**Exercise materials:**

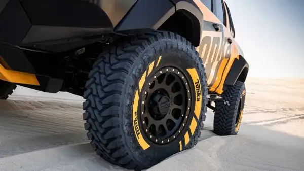 Автомобиль, получивший название HiLux Tonka, был построен на базе топовой версии SR5 с двойной кабиной. Под капотом экстремального пикапа установлен дизельный 2,8-литровый мотор, отдача которого составляет 174 л.с. и 450 Нм крутящего момента.
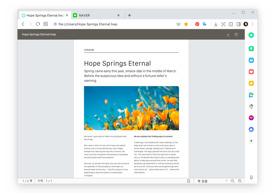 hwp 파일을 네이버 웨일에 드래그 & 드롭하면 브라우저에서 바로 보기 가능이 추가가 되었어요
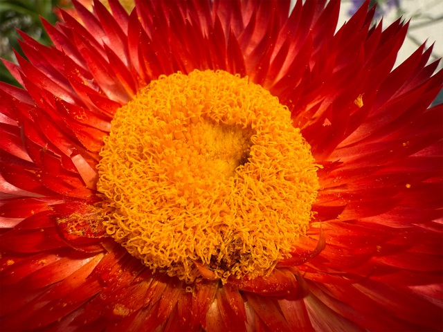 Với camera góc siêu rộng được làm mới, iPhone 16 Pro Max giúp việc chụp ảnh macro trở nên dễ dàng hơn vì có thể đến gần chủ thể hơn nhiều so với Galaxy S24 Ultra. iPhone thể hiện tốt đến mức có thể nhìn thấy con nhện ẩn giữa bông hoa, trong khi Galaxy bị hiệu ứng làm sắc nét quá mức.
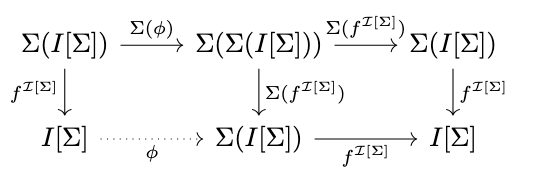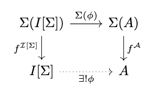 Definition (Initial Algebra). The initial algebra is the initial object \(\mathcal{I}[\Sigma]\) in \(\Sigma\)-Alg, i.e. for any \(\Sigma\)-algebra \(\mathcal{A}\), there exists a unique homomorphism \(\phi : \mathcal{I}[\Sigma] \rightarrow \mathcal{A}\), i.e., the following diagram commutes.
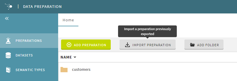 A good practice when using Talend Data Preparation is to set up at least two environments to work with: a development one, and a production one for example. When a preparation is ready on the development environment, you can use the Import/Export Preparation feature to promote it to the production environment, that has a different URL. For more information, see the section about promoting a preparation across environments.

**Assignment:**
The answer must be an exact copy of the lines from the start of the records above through the line containing "Với camera góc", with no pictures in it.

**Expected answer:**
 Автомобиль, получивший название HiLux Tonka, был построен на базе топовой версии SR5 с двойной кабиной. Под капотом экстремального пикапа установлен дизельный 2,8-литровый мотор, отдача которого составляет 174 л.с. и 450 Нм крутящего момента.
 hwp 파일을 네이버 웨일에 드래그 & 드롭하면 브라우저에서 바로 보기 가능이 추가가 되었어요
 Với camera góc siêu rộng được làm mới, iPhone 16 Pro Max giúp việc chụp ảnh macro trở nên dễ dàng hơn vì có thể đến gần chủ thể hơn nhiều so với Galaxy S24 Ultra. iPhone thể hiện tốt đến mức có thể nhìn thấy con nhện ẩn giữa bông hoa, trong khi Galaxy bị hiệu ứng làm sắc nét quá mức.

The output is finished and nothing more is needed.